Records drawn from a dataset:
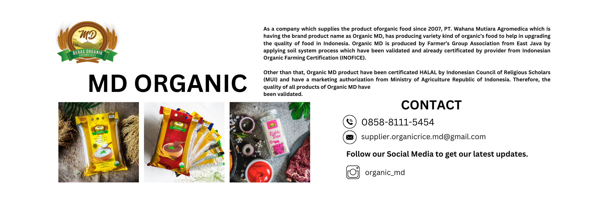 Sebagai Perusahaan Supplier Produk Pangan Organik sejak tahun 2007, PT. Wahana Mutiara Agromedica yang dikenal dengan nama merek produk Organic MD, telah menghasilkan berbagai produk pangan organik guna membantu dalam meningkatkan kualitas pangan di Indonesia. Organic MD diproduksi oleh Gabungan Kelompok Tani dari Jawa Tengah dengan menerapkan proses sistem tanam yang telah teruji dan telah tersertifikasi provider dari Lembaga Sertifikasi Pangan Organik (INOFICE). Selain itu, seluruh produk Organic MD telah tersertifikasi HALAL oleh Majelis Ulama Indonesia (MUI) dan memiliki izin edar dari Kementrian Pertanian Republik Indonesia. Dengan demikian, seluruh produk Organic MD telah teruji kualitasnya.
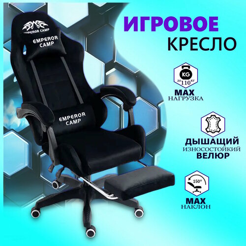 Купить Игровое велюровое компьютерное кресло EMPEROR CAMP 777, Черное с подставкой для ног с доставкой по всей России.
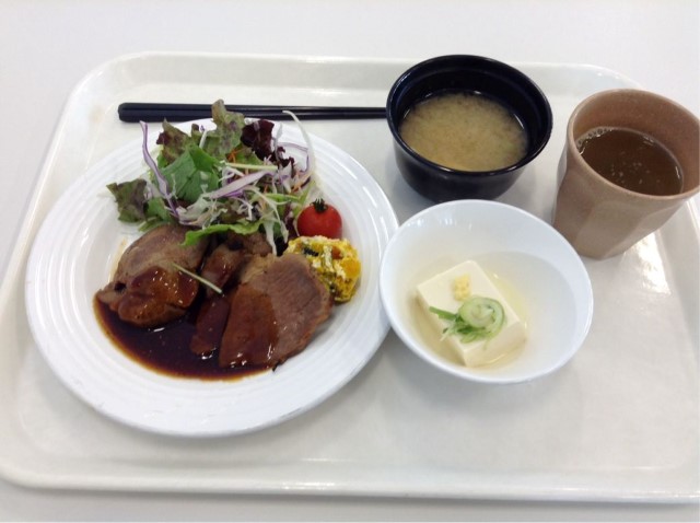 昼食:豚肉の山賊焼き定食(カボチャサラダ&プチトマト残し) 糖質20gくらい
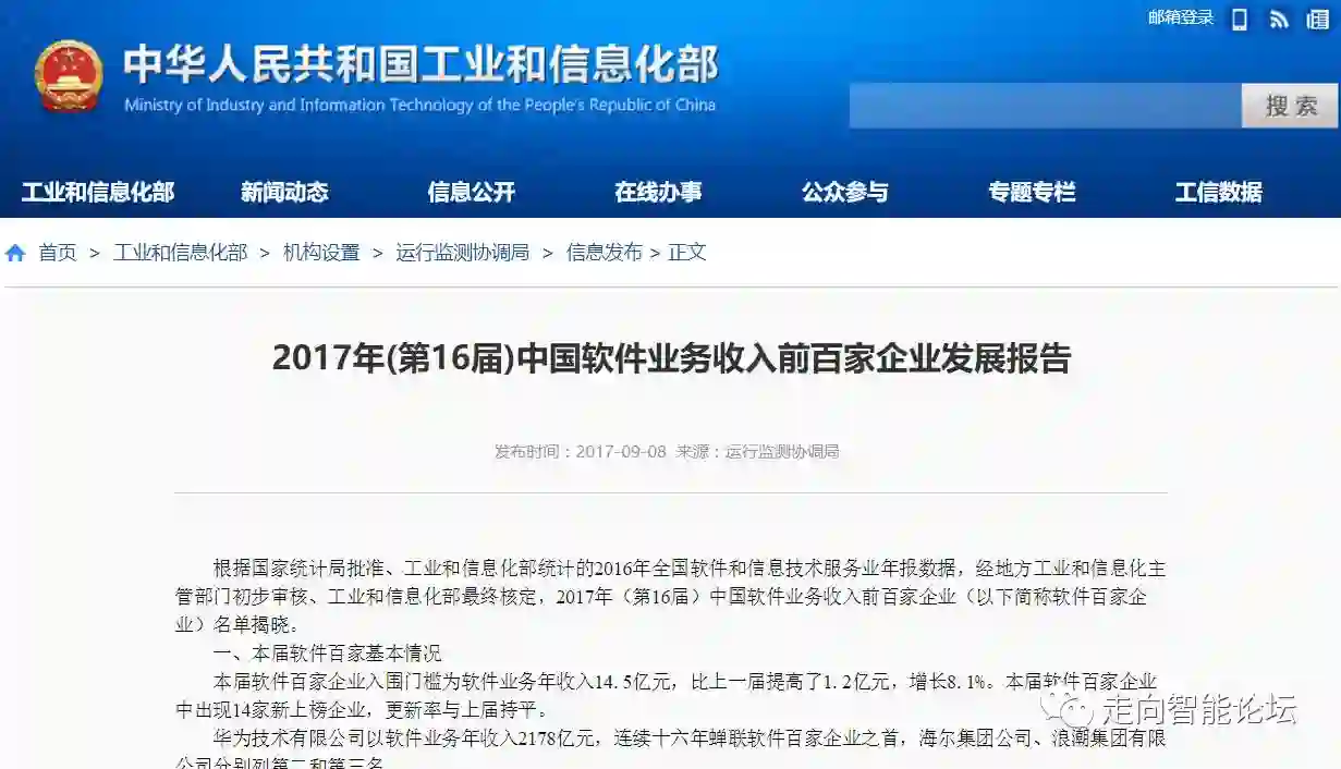 近日,工信部官网公布2017年(第16届)中国软件业务收入前百家企业发展报告,及企业名单。华为公司以软件业务年收入2178亿元,连续十六年蝉联软件百家企业之首,海尔集团公司、浪潮集团有限公司分别列第二和第三名。本届软件百家企业中出现14家新上榜企业。本文来自:工信部官网,小智整理,由《走向智能论坛》微信公众号推荐阅读。
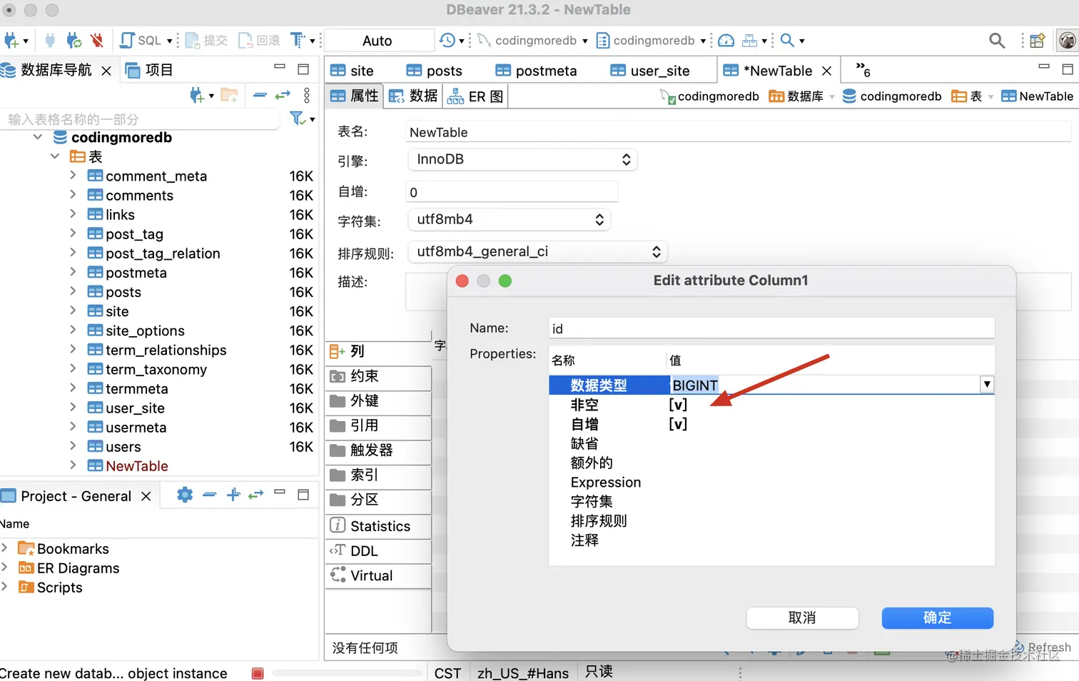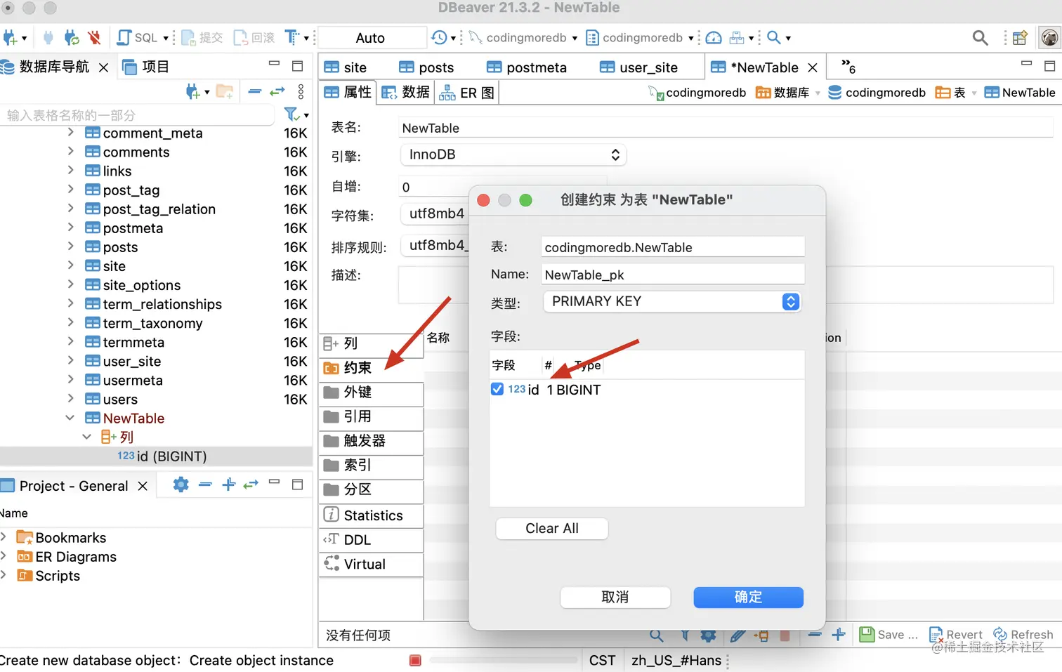 在 DBeaver 中,[v] 表示真,[] 表示否。紧接着在「约束」里选择 ID 将其设置为主键。

Assignment :: With all pictures omitted, return exactly the lines from the one containing "昼食:豚肉の山賊焼き定食(カボチャサラダ&プチトマト残し) 糖質20gくらい" through the end of the entries above.

Expected answer ::
 昼食:豚肉の山賊焼き定食(カボチャサラダ&プチトマト残し) 糖質20gくらい
 近日,工信部官网公布2017年(第16届)中国软件业务收入前百家企业发展报告,及企业名单。华为公司以软件业务年收入2178亿元,连续十六年蝉联软件百家企业之首,海尔集团公司、浪潮集团有限公司分别列第二和第三名。本届软件百家企业中出现14家新上榜企业。本文来自:工信部官网,小智整理,由《走向智能论坛》微信公众号推荐阅读。
 在 DBeaver 中,[v] 表示真,[] 表示否。紧接着在「约束」里选择 ID 将其设置为主键。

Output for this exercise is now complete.